> PROVIDED ENTRIES
========================================================================

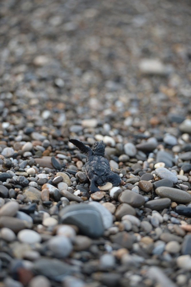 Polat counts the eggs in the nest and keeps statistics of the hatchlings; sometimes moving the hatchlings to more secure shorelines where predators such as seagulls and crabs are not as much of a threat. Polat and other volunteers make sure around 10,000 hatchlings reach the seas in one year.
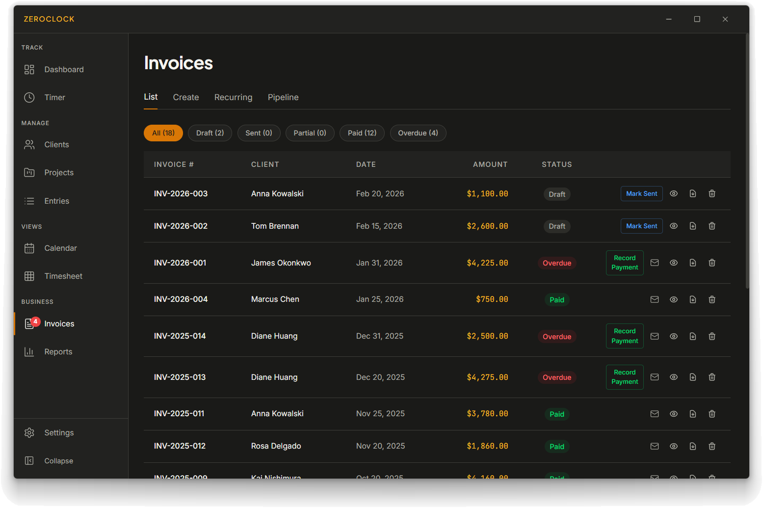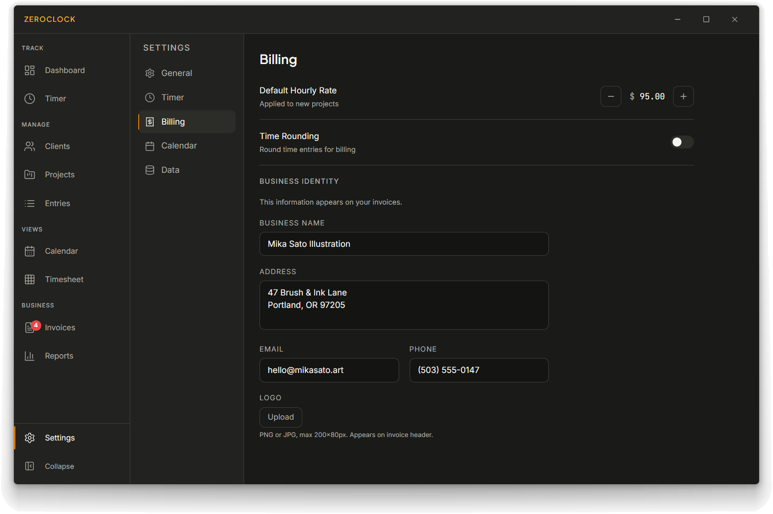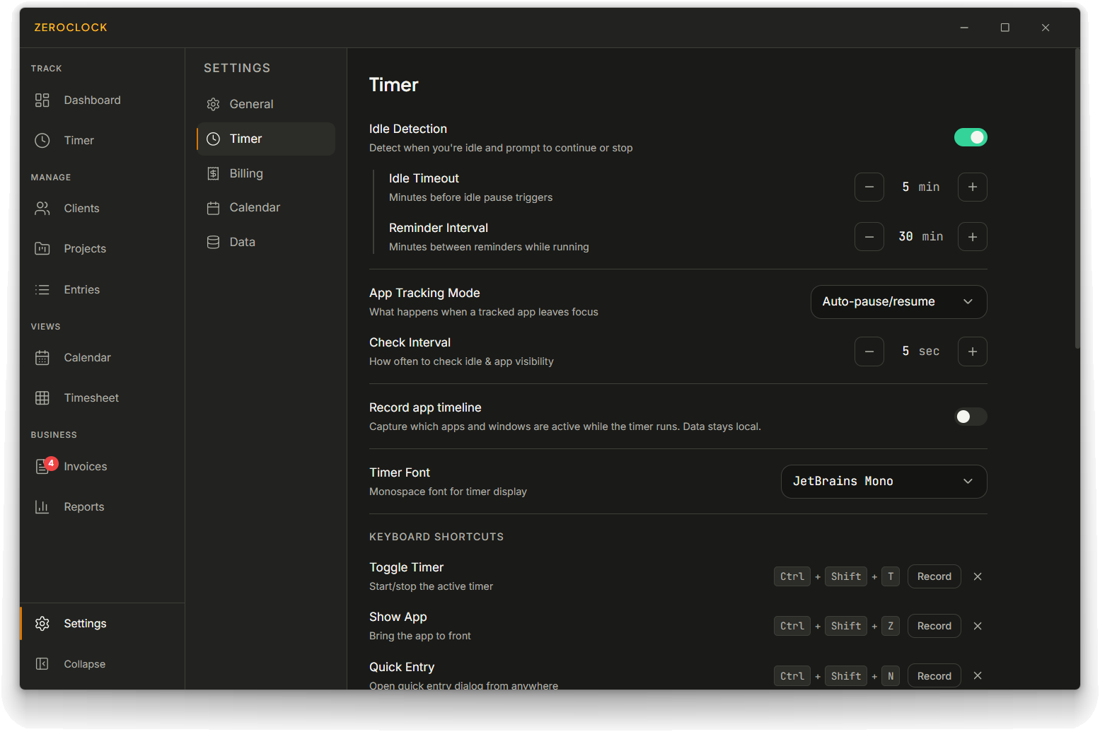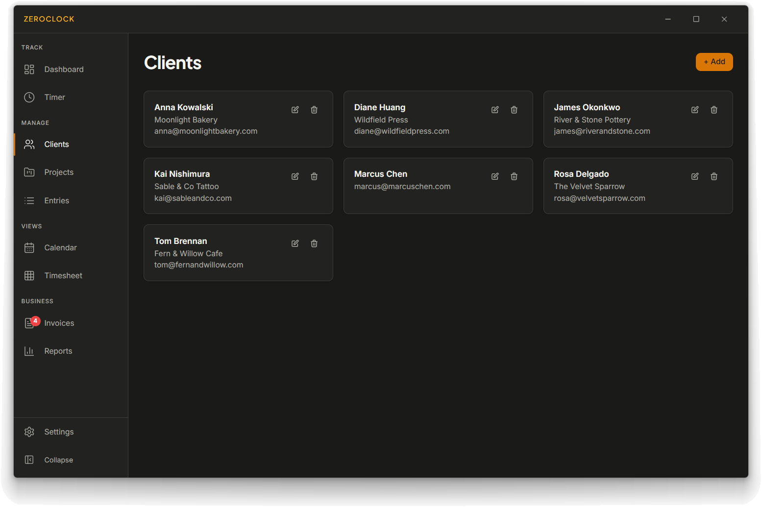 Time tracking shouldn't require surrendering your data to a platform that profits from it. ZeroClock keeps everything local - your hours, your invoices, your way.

========================================================================

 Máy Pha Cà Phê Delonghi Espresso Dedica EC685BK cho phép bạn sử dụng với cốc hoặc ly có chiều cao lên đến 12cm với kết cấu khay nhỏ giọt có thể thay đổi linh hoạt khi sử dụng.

========================================================================

> WHAT IS REQUIRED
The lines above from the line with "Polat counts the" through the line with "Time tracking shouldn't" are to be given again word for word, with no pictures among them.

> TASK RESPONSE
 Polat counts the eggs in the nest and keeps statistics of the hatchlings; sometimes moving the hatchlings to more secure shorelines where predators such as seagulls and crabs are not as much of a threat. Polat and other volunteers make sure around 10,000 hatchlings reach the seas in one year.
 Time tracking shouldn't require surrendering your data to a platform that profits from it. ZeroClock keeps everything local - your hours, your invoices, your way.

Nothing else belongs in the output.